No. It works a bit clankily, I've had a few failed transfers, and the UI isn't working as well as it should, but trying it again or working around the problem has always been successful for me.

TySuiteJ scares me! Those install instructions are NOT written for non-unix types, no matter what they say!


----------



## PaulWilkinsUK (Mar 20, 2006)

Yeah I had another go with TiVoTool today. Wasn't great, the lip sync got lost completely. 
I think I'll carry on with TySuite_J and perhaps write a better manual and install script... watch this space... I've got some spare time over Xmas...


----------



## speedyrite (May 18, 2002)

PaulWilkinsUK said:


> I think I'll carry on with TySuite_J and perhaps write a better manual and install script... watch this space... I've got some spare time over Xmas...


Ah good man! I'll put it on me Xmas list - "The Dummie's Guide to TysuiteJ" - after all, I *AM* that dummy, so if you need a test driver...


----------



## PaulWilkinsUK (Mar 20, 2006)

speedyrite said:


> Ah good man!
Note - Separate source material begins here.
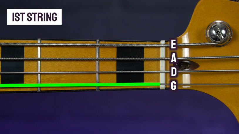 As apparent in the video, “1ST STRING¨ on the top-left corner of this image corresponds to the string on this bass guitar that has the green stroke over it.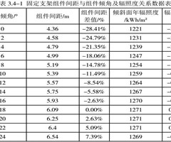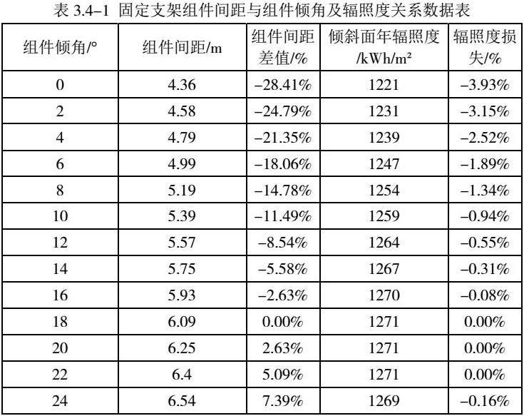 参考尺寸为2172×1303×35mm的组件,组件排列方式为固定式支架2行竖向布置,经计算,光伏组件串单元前后排最小净距与组间倾角的关系见表3.4-1。

I'll put it on me Xmas list - "The Dummie's Guide to TysuiteJ" - after all, I *AM* that dummy, so if you need a test driver...


Tell ya what, if we meet up at the rubb-a-dub over Christmas, I'll pass on the tips n tricks


----------



## speedyrite (May 18, 2002)

PaulWilkinsUK said:


> Tell ya what, if we meet up at the rubb-a-dub over Christmas, I'll pass on the tips n tricks


Great idea! Meet the author, personally signed copy and all that - I'll be in touch...


----------